JERUSALEM, 3 February 2008 — The Israeli military failed in its 2006 war against Lebanon’s Hezbollah guerrillas because the top commanders didn’t operate and communicate properly, and were late in preparing for a ground offensive, an ex-general said yesterday, after conducting an internal investigation.

The reserve general, Udi Shani, also said that the army chief at the time, Lt. Gen. Dan Halutz, wasn’t receptive enough to dissenting views among top commanders and should have spent more time near the front lines, rather than at military headquarters.

“The military failed,” Shani told Israel Radio. “It didn’t operate properly.” “The military failed because it had an erroneous concept,” he said, in an apparent reference to the heavy reliance on air strikes against Hezbollah.

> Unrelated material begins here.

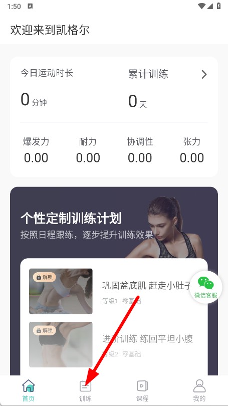 1、打开凯格尔训练,点击底部训练选项。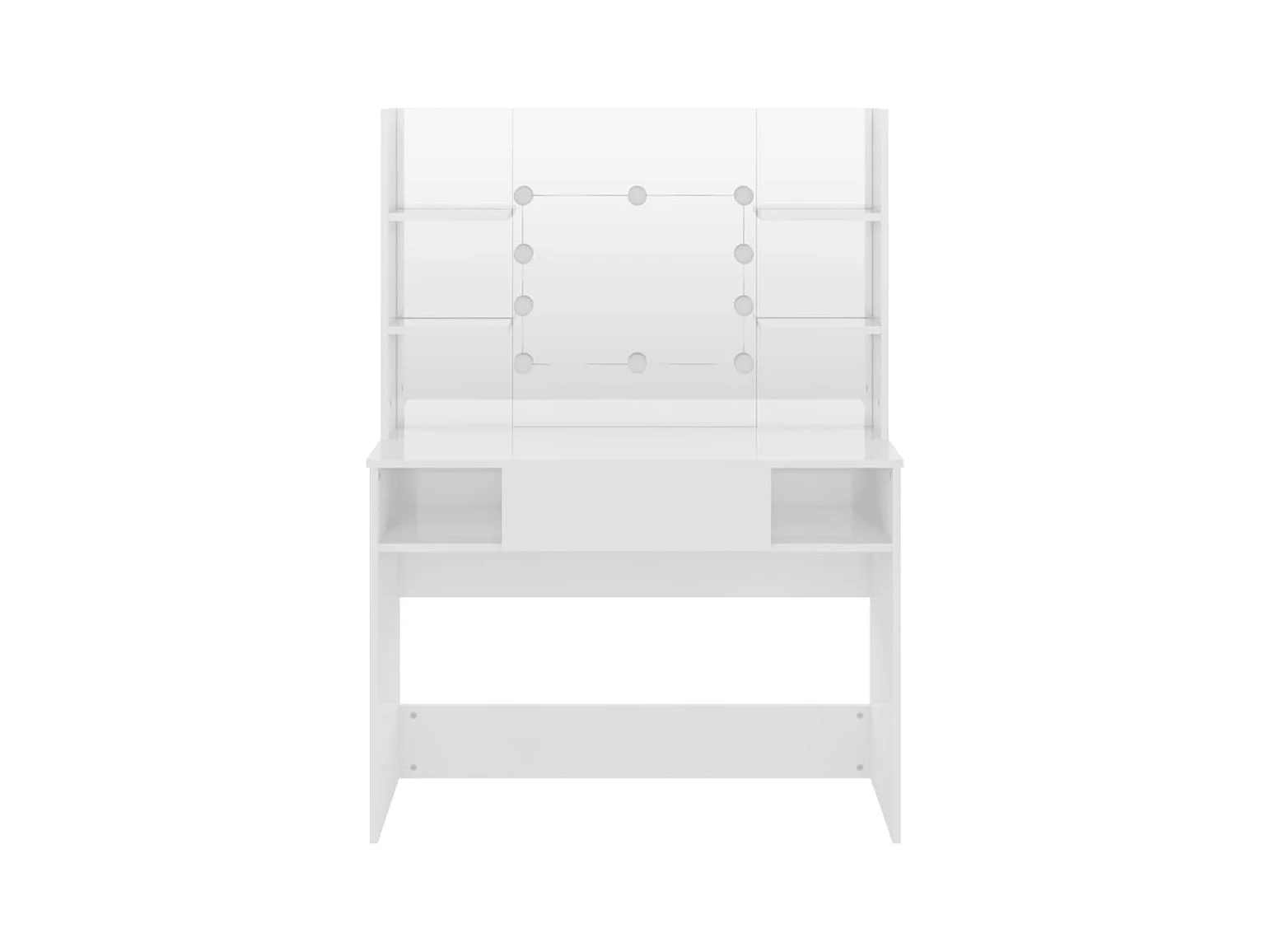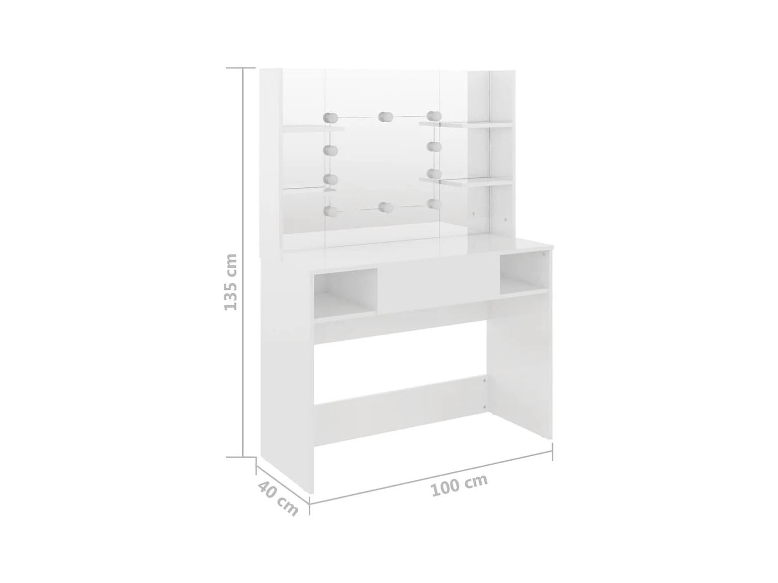 Tocador de maquillaje luces LED MDF blanco brillo 100x40x135 cm ES583915

The unusually frank criticism of the army command came just days after a five-member investigative panel, headed by retired Judge Eliyahu Winograd, issued its final report on the 34-day war, criticizing both the government and the army for “serious failings and flaws.”

Winograd said Israel did not win the war and the army did not provide an effective response to a sustained, deadly barrage of rocket fire from Hezbollah guerrillas. Despite a heavy Israeli aerial campaign, the guerrilla group rained nearly 4,000 rockets on northern Israel. Israeli reservists returning from the battlefield complained of poor training and a lack of ammunition and key supplies.

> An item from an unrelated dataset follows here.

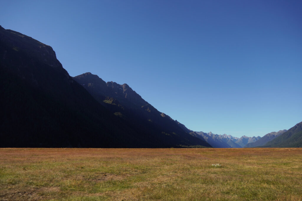 Unterwegs halten wir an den Eglinton Valley. So wie es hier aussieht, muss Gandalf auf Schattenfell schon mal hier vorbeigeritten sein. Ein weiterer Zwischenstopp an den Mirror Lakes ist wenig erfolgreich, da es einfach zu windig für spiegelglattes Wasser ist. Finaler Halt für heute ist der Campingplatz Cascade Creek. Damit haben wir schon den größeren Teil zwischen Te Anau und dem Milford Sound geschafft.

In parallel, Shani conducted an internal army investigation of the performance of the top command. He said the reliance on air attacks was reasonable in the first few days of the war, but that commanders then should have prepared for a ground offensive.

The military only embarked on the ground offensive at the last minute, just as a UN truce was about to take effect. More than 30 Israeli soldiers were killed in that fighting. Winograd said the 11th-hour offensive failed in its mission, did not improve Israel’s position and that the army was not prepared for it. However, he said the operation’s goals were legitimate.

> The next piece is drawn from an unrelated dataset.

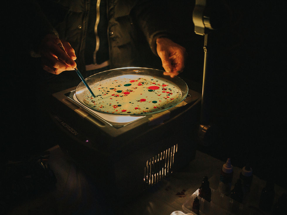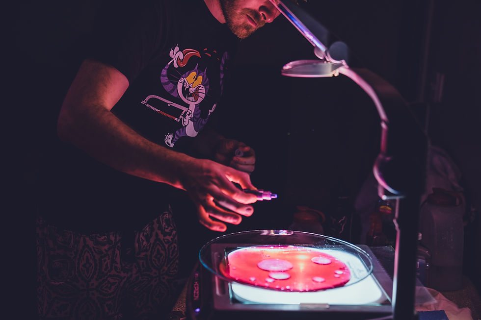 Live analog visuals are the core of my practice. Rooted in the ageless mediums of liquid light, found footage, video synthesizers, and old-school overhead projectors, I create experiences that capture and distort reality through raw, hands-on experimentation. The result is an organic, unpredictable aesthetic that resists digital polish.

Most of the army’s wartime commanders, including Halutz, have resigned since the war. According to official figures from both sides, between 1,035 and 1,191 Lebanese civilians and combatants died in the conflict, in addition to 119 Israeli soldiers and 40 civilians.

In another development, the Lebanese government and the army command criticized yesterday a late night attack on an army post south of Beirut that wounded two soldiers, saying such acts only serve the country’s enemies.

Friday’s attack targeted an army post in a southern suburb of Beirut in the same opposition stronghold where clashes between troops and Shiite protesters against electricity rationing last weekend left seven people dead. The army was expected to wrap-up an investigation into the deadly incident soon.

The army statement said Friday’s attack was one of several against army posts in Beirut and its suburbs in the past days. It did not say where other attacks occurred and whether there were other casualties among the troops.

The military said the attack aims to mislead the investigation aiming to find the truth. The statement also urged Lebanon’s political and spiritual leaders to stand by security agencies and be “careful of plans aiming to harms national coexistence and creating problems between the army and its people.”

Meanwhile, Prime Minister Fouad Siniora said in a statement that the timing of the attack is suspicious because it comes as the investigation is going on over Sunday’s deadly incident. “It only serves the interests of Lebanon’s enemies and the enemies of its stability,” Siniora said in comments released by his office.

The country has for the last year been engulfed by a sharp political crisis, compounded since November by the failure of Parliament to elect a head of state because of disputes between the US-backed majority and the Hezbollah-led opposition, which has the support of Syria and Iran.